**Given information:**
────────────────────
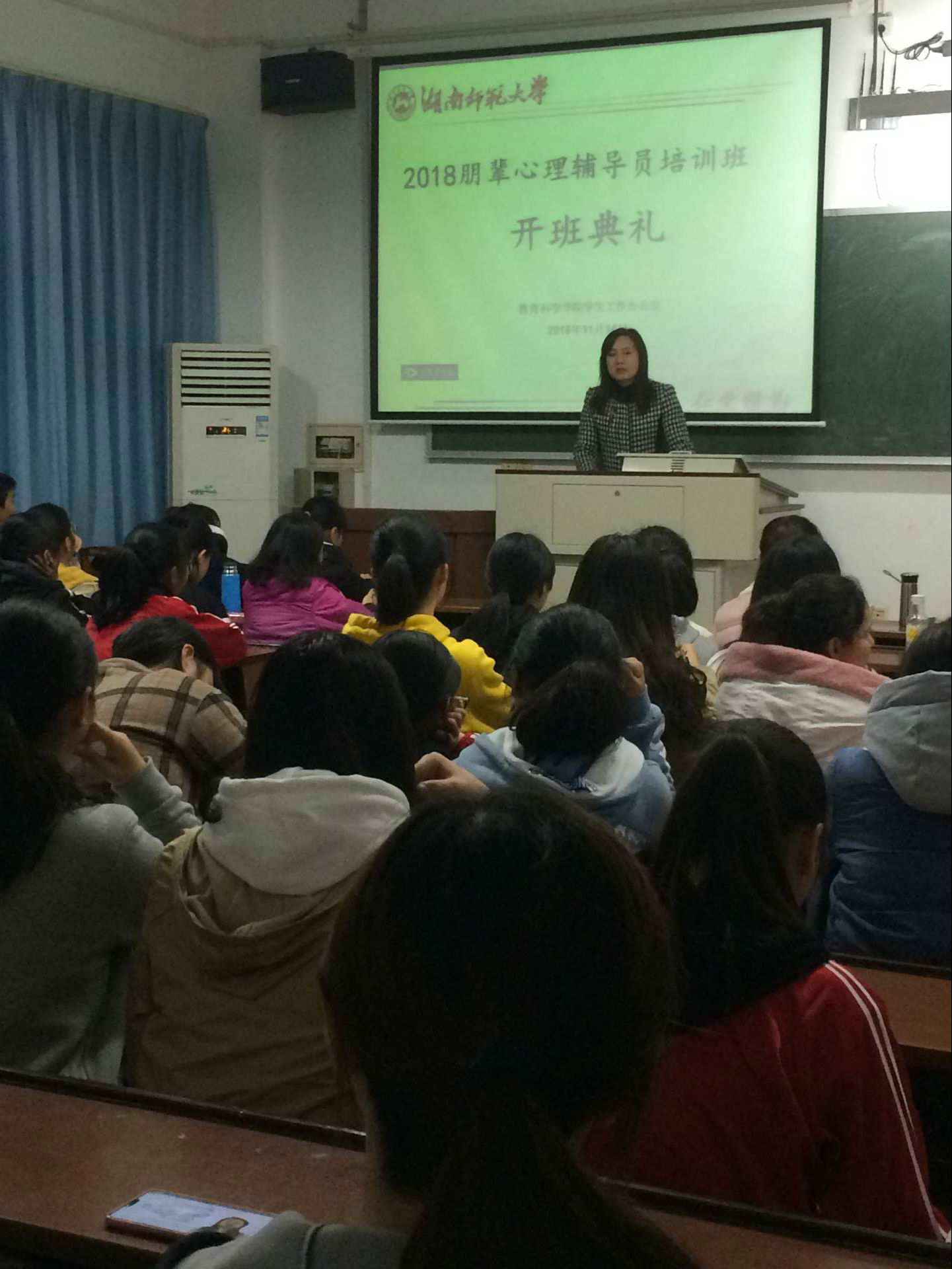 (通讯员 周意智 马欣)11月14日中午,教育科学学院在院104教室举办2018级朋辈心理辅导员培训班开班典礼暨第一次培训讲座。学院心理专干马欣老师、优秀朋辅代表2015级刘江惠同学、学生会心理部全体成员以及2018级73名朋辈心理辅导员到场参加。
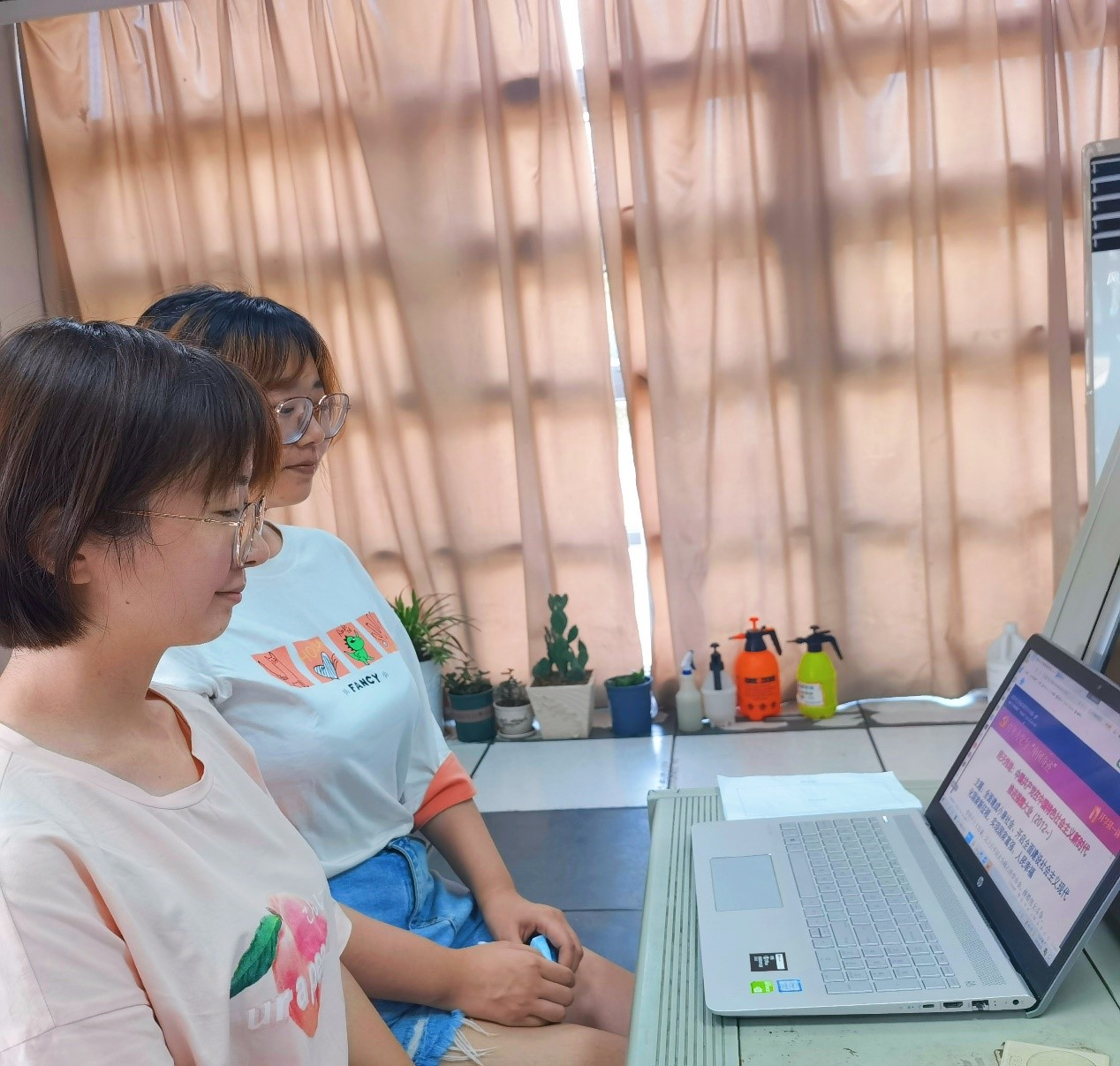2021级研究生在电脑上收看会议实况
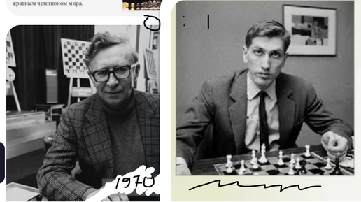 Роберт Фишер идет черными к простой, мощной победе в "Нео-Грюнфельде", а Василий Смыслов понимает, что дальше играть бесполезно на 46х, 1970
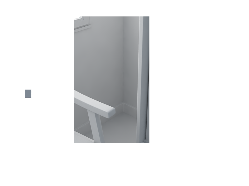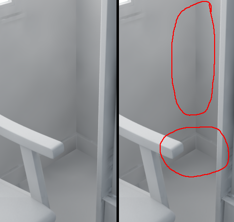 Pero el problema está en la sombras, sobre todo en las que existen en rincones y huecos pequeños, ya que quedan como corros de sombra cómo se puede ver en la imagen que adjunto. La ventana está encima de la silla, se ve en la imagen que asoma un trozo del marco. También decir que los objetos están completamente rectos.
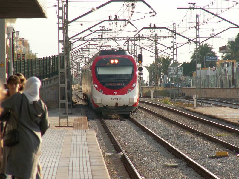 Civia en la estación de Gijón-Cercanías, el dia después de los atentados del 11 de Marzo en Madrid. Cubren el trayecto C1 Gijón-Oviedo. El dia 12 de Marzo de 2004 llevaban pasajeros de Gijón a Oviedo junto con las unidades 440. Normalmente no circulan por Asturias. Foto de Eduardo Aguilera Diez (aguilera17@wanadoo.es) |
────────────────────
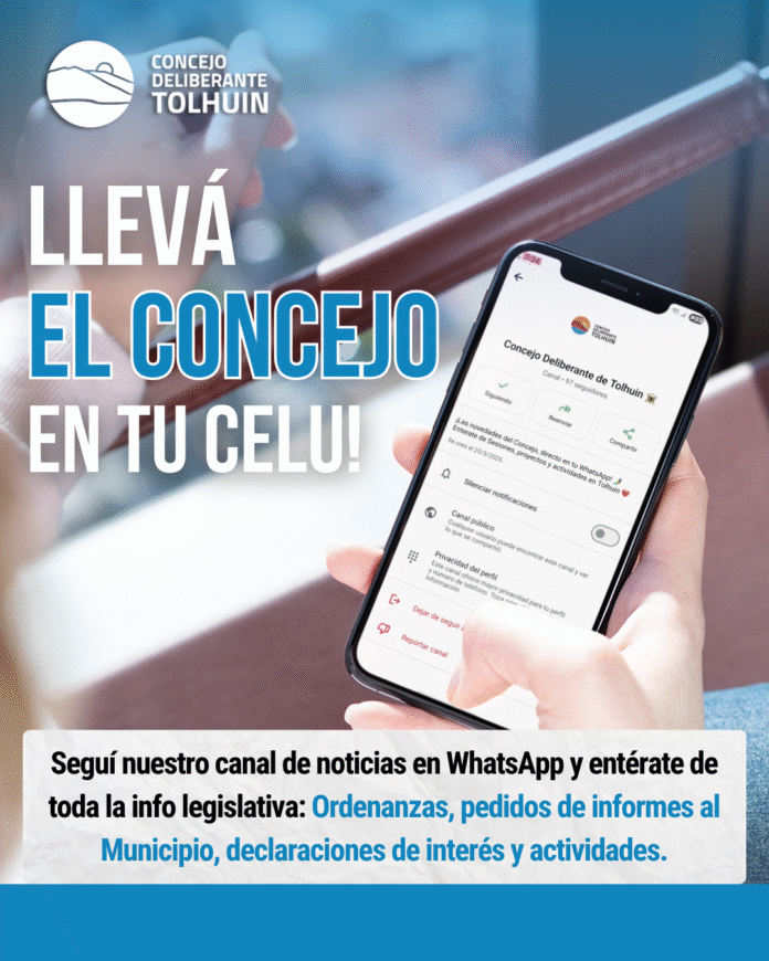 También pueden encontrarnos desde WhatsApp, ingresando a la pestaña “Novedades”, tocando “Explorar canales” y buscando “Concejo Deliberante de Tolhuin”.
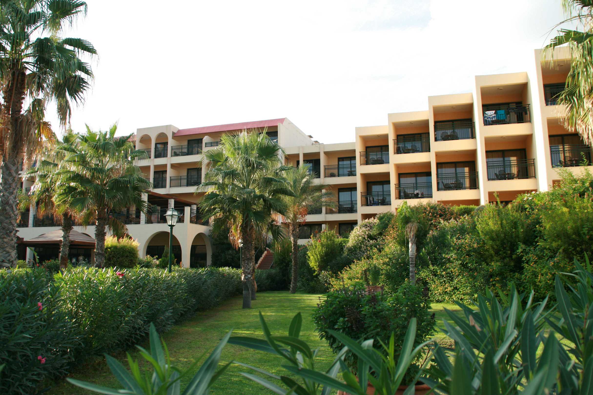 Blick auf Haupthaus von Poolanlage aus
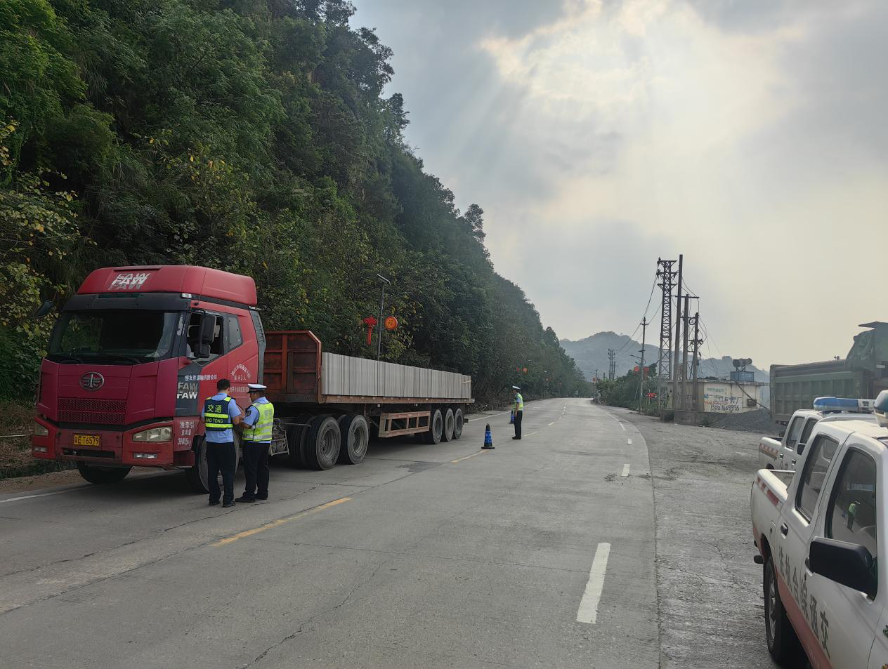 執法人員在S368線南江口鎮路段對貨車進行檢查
────────────────────
**Task to complete:** I'd like the lines above repeated exactly, from the one that contains "También pueden encontrarnos" through the one that contains "執法人員在S368線南江口鎮路段對貨車進行檢查", with no pictures.

**Solution to the problem:**
 También pueden encontrarnos desde WhatsApp, ingresando a la pestaña “Novedades”, tocando “Explorar canales” y buscando “Concejo Deliberante de Tolhuin”.
 Blick auf Haupthaus von Poolanlage aus
 執法人員在S368線南江口鎮路段對貨車進行檢查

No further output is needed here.